We live in a moment when many church holidays get flattened into sentiment and shopping. Holy Week pushes back. It asks families to sit still, read the text, and remember what actually happened.

That is part of why the recent rise in General Conference references matters. It suggests that leaders are steering members toward a fuller Easter observance, one that treats the week surrounding the Resurrection as part of the feast and not just background material.

Even our hard public arguments around faith and family, like the recent debate over counseling, conscience, and Christian care, tend to circle back to the same question: will Christians keep Christ at the center, or will we drift into easier substitutes? Holy Week is one way of putting the center back where it belongs.

Frequently Asked Questions

What is Holy Week, and why are more LDS families observing it?

Holy Week is the final week before Easter, marking the Savior’s triumphal entry into Jerusalem, the Last Supper, His suffering and death, the time in the tomb, and the Resurrection. More Latter-day Saint families are paying attention to it because Church leaders have spoken about it more often in recent years, and families want Easter to feel deeper than a single Sunday.

Do you have to observe all seven days of Holy Week?

No. A family can mark the whole week, or it can focus on two or three meaningful moments.
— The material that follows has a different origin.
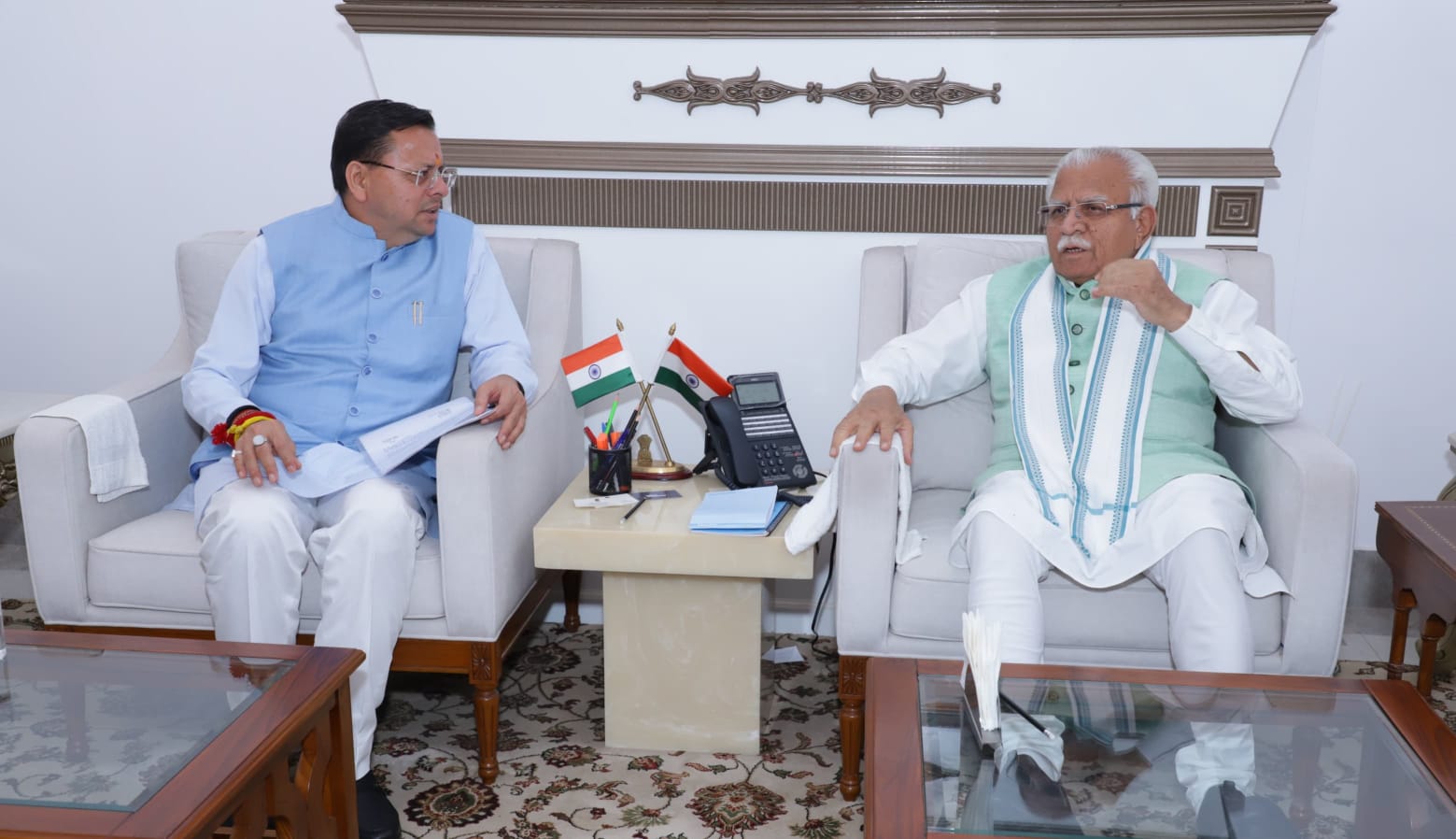 देहरादून – मुख्यमंत्री पुष्कर सिंह धामी ने शनिवार को नई दिल्ली में केंद्रीय ऊर्जा, आवास एवं शहरी कार्य मंत्री मनोहर लाल खट्टर से भेंट कर राज्य से संबंधित विभिन्न विषयों पर चर्चा की। मुख्यमंत्री ने केंद्रीय मंत्री से हरिद्वार शहर में गंगा कॉरिडोर क्षेत्र से संबंधित लगभग ₹325 करोड़ की परियोजना के लिए धनराशि स्वीकृति का अनुरोध किया। मुख्यमंत्री ने आगामी कुंभ-2027 के दृष्टिगत इस परियोजना के अंतर्गत विद्युत लाइनों के भूमिगतकरण एवं प्रणाली के स्वचालन हेतु भी प्रथम चरण में ₹325 करोड़ की धनराशि शीघ्र स्वीकृत करने का अनुरोध किया, साथ ही द्वितीय चरण के अंतर्गत शेष लगभग ₹425 करोड़ की धनराशि भी अनुमोदित करने का अनुरोध किया। मुख्यमंत्री ने हरिद्वार एवं ऋषिकेश में आगामी कुंभ-2027 की तैयारियों के संदर्भ में हरिद्वार में घाटों के सौंदर्यीकरण, आवासीय सुविधाओं के सुदृढ़ीकरण एवं शहरी अवसंरचना के विकास हेतु केंद्र सरकार से आवश्यक सहयोग प्रदान किए जाने का अनुरोध किया। उन्होंने कहा कि इन कार्यों से राज्य में आने वाले श्रद्धालुओं एवं पर्यटकों को बेहतर सुविधाएं उपलब्ध कराई जा सकेंगी।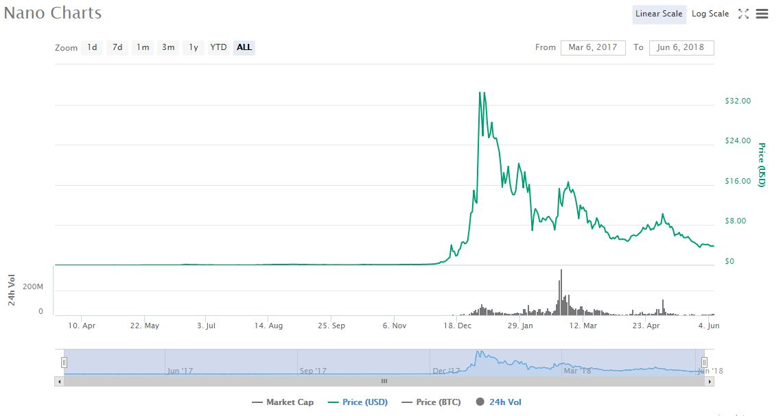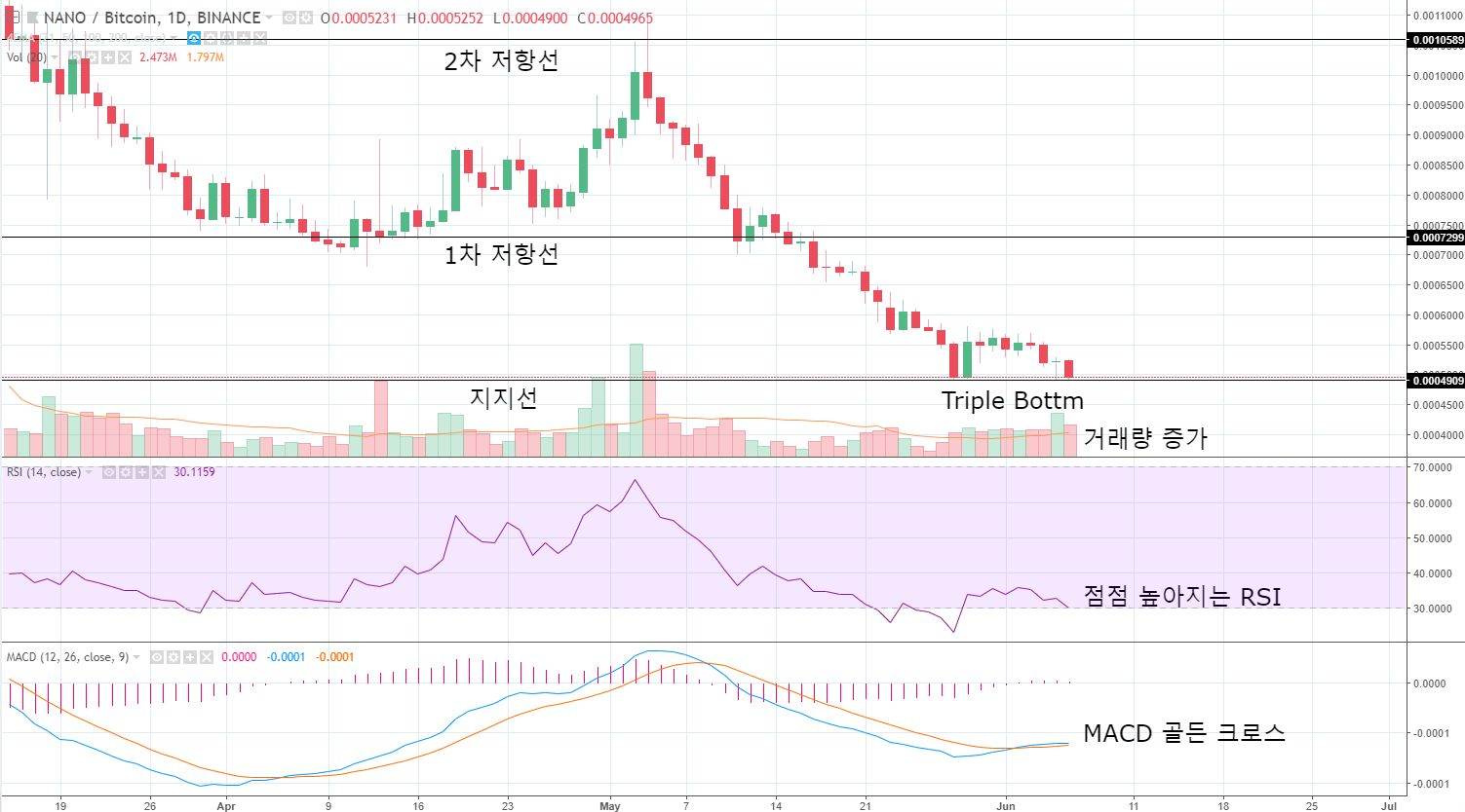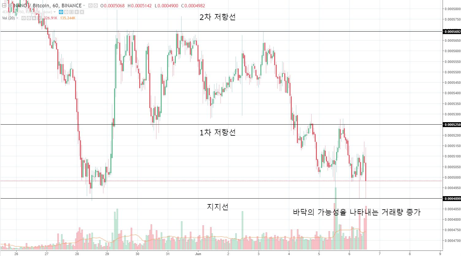 최고점 $34.42를 찍은 후 지금 $3.80의 가격대에서 머물고 있습니다. 해외 커뮤니티에서 엄청난 인기 몰이를 한 코인으로 지금은 열이 식어가는 모습을 볼 수 있습니다. 저는 NANO에 대해서는 장기투자 종목으로도 괜찮다고 생각되며 지금의 차트 위치에서는 트레이딩을 시도할 만한 자리에 왔다고도 생각되어 집니다.

A simple Palm Sunday reading, a quiet Good Friday, and a Christ-centered Easter morning can do a lot.

Is Holy Week a Catholic tradition, or can Mormon families participate too?

Holy Week has long been emphasized in Catholic, Orthodox, Anglican, and many Protestant settings, but the events themselves belong to the Gospel accounts. Mormon families are not borrowing foreign doctrine when they observe Holy Week. They are giving more attention to the final week of the Savior’s life.

How can families with young children make Holy Week meaningful without overwhelming everyone?

Keep it simple and repeatable. Read a short passage, ask one good question, sing one hymn, and stop before it turns into a forced production. Children usually remember sincerity better than elaborate plans.

Easter gets richer when families stop treating it like a single date on the calendar and start walking the road that leads to the empty tomb.